Drop every picture. Then return, exactly, the lines from the beginning of the listing below through the one containing "Über den Host".

** Opening DATA PROVIDED block **

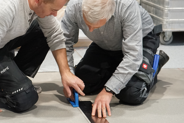 Participants learn everything about the installation of nora rubber floor coverings as well as important criteria in relation to subfloor preparation as well as fixing and installing norament steptread, cutting techniques and much more. Participants particularly appreciate the fact that their specific problems and individual requests are flexibly addressed in the process.
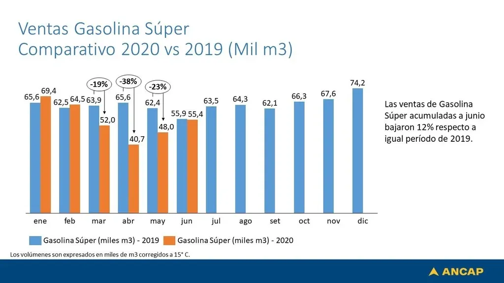 Por otro lado, la venta de gasolina Súper -la de mayor demanda en Uruguay- prácticamente cerró estable en junio con 55.400 m3 (en igual mes del año pasado habían sido 55.900 m3). No obstante, en este caso se dio una notoria diferencia con los desplomes de 19%, 38% y 23% que registraron marzo, abril y mayo, respectivamente, en la comparación interanual. En el primer semestre, el volumen comercializado de este tipo de gasolina cayó 12% frente a 2019.
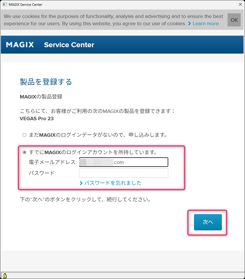 「MAGIX Service Center」という画面が表示されるので、「すでにMAGIXのログインアカウントを所持しています。」を選択し、MAGIXアカウントのログイン情報を入力して「次へ」ボタンをクリックします。
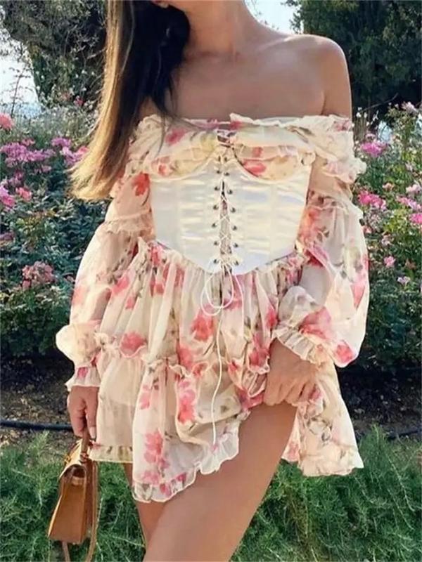 Шифонова пишна сукня з рюшами та ковтком з квітковим принтом
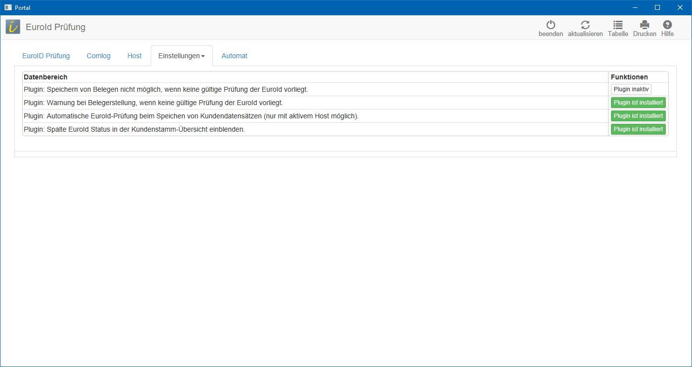 Über den Host erfolgt die EuroID Prüfung beim Speichern von Kundensätzen. Dazu müssen unter Einstellungen die Gateway Einstellungen getroffen sein und das Plugin Automatische EuroId-Prüfung, beim Speichen von Kundensätzen aktiviert sein.
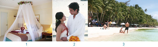 1.長灘島Patio Pacific Hotel飯店為新人浪漫佈置。2.長灘島成為婚禮蜜月熱門目的地。3.長灘島近年成為火紅度假勝地。
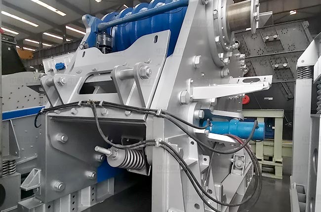 通過液壓雙楔塊調整裝置,實現對顎破機排料口大小進行調整,是通過改變楔塊厚度尺寸實現排料口的大小調節,實現了排料口的無級調節,減小了誤差,調整精度,并且操作更加省時、簡便。液壓油密閉設計,受外界的影響小,使用時間長。
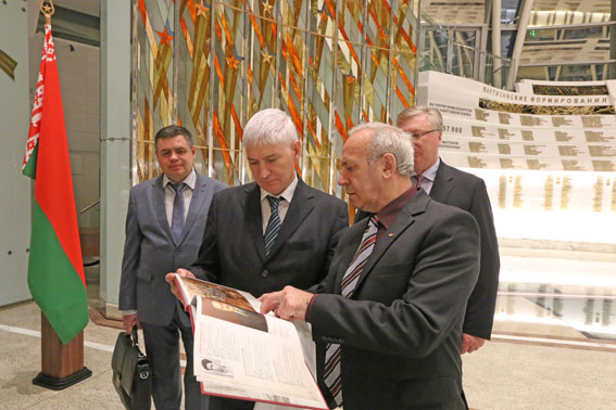 16 ноября 2016 г. Белорусский государственный музей истории Великой Отечественной войны посетила официальная делегация Алтайского края во главе с заместителем губернатора Виктором Алексеевичем Мещеряковым. Делегация находится в нашей стране с деловым визитом в рамках реализации программы развития торгово-экономических отношений и сотрудничества. В графике алтайской делегации – посещение белорусских предприятий в Минске, Гродно, городском поселке Вороново Гродненской области, участие в пятом заседании двусторонней комиссии по координации сотрудничества между Республикой Беларусь и Алтайским краем Российской Федерации.
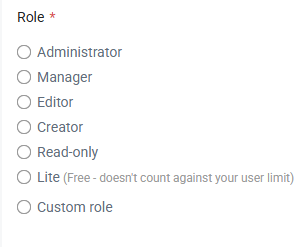 - Choose a role to define the actions the user is permitted to perform.
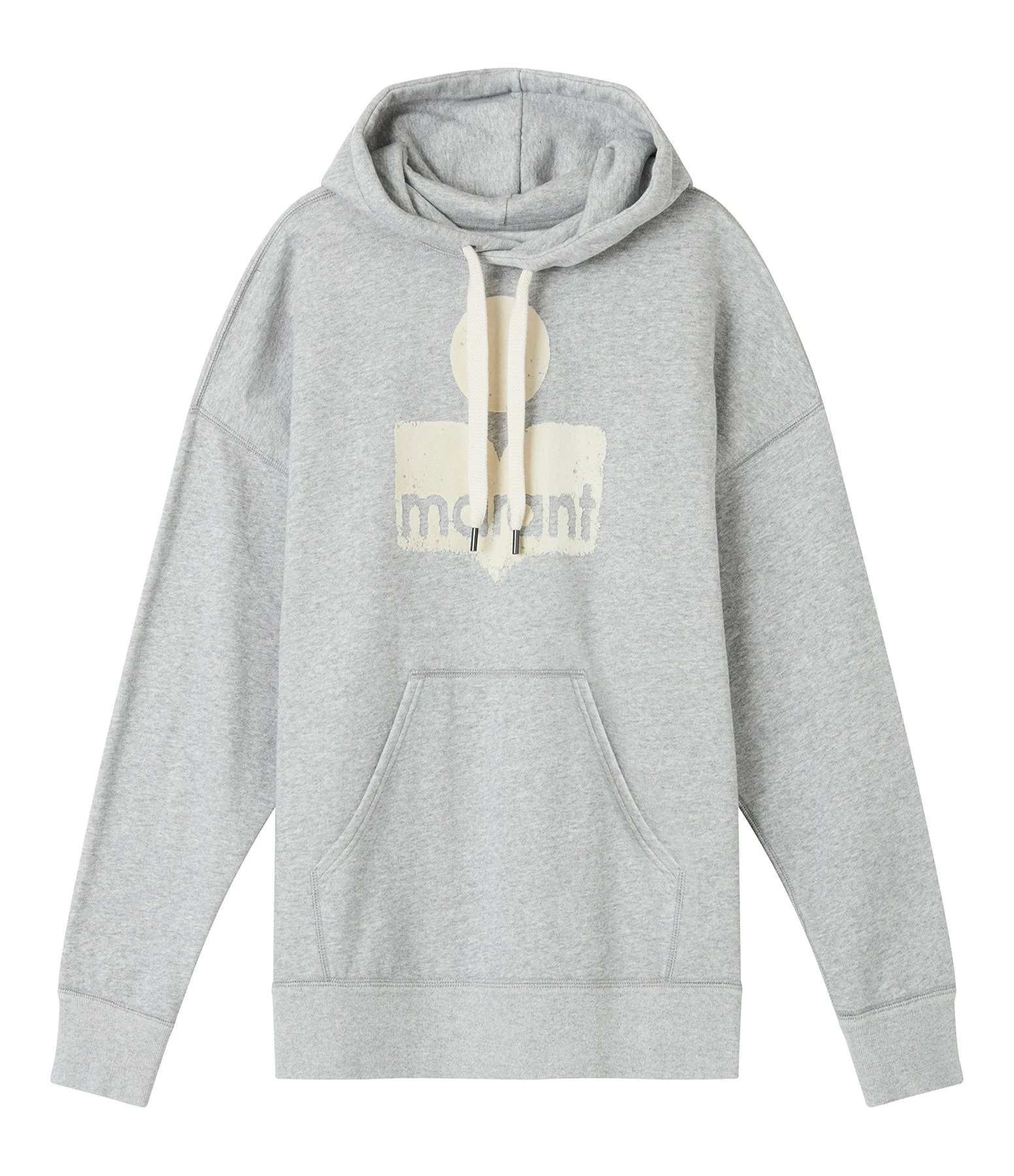 Sweatshirt en coton molletonné mélangé gris chiné avec le logo Marant flocké en velours blanc sur le devant. Col rond à capuche avec liens de serrage beiges. Manches longues avec poignets côtelés. Poche kangourou sur le devant. Coupe ample. Base droite côtelée.

** Closing DATA PROVIDED block **

# RESPONSE BOX
 Participants learn everything about the installation of nora rubber floor coverings as well as important criteria in relation to subfloor preparation as well as fixing and installing norament steptread, cutting techniques and much more. Participants particularly appreciate the fact that their specific problems and individual requests are flexibly addressed in the process.
 Por otro lado, la venta de gasolina Súper -la de mayor demanda en Uruguay- prácticamente cerró estable en junio con 55.400 m3 (en igual mes del año pasado habían sido 55.900 m3). No obstante, en este caso se dio una notoria diferencia con los desplomes de 19%, 38% y 23% que registraron marzo, abril y mayo, respectivamente, en la comparación interanual. En el primer semestre, el volumen comercializado de este tipo de gasolina cayó 12% frente a 2019.
 「MAGIX Service Center」という画面が表示されるので、「すでにMAGIXのログインアカウントを所持しています。」を選択し、MAGIXアカウントのログイン情報を入力して「次へ」ボタンをクリックします。
 Шифонова пишна сукня з рюшами та ковтком з квітковим принтом
 Über den Host erfolgt die EuroID Prüfung beim Speichern von Kundensätzen. Dazu müssen unter Einstellungen die Gateway Einstellungen getroffen sein und das Plugin Automatische EuroId-Prüfung, beim Speichen von Kundensätzen aktiviert sein.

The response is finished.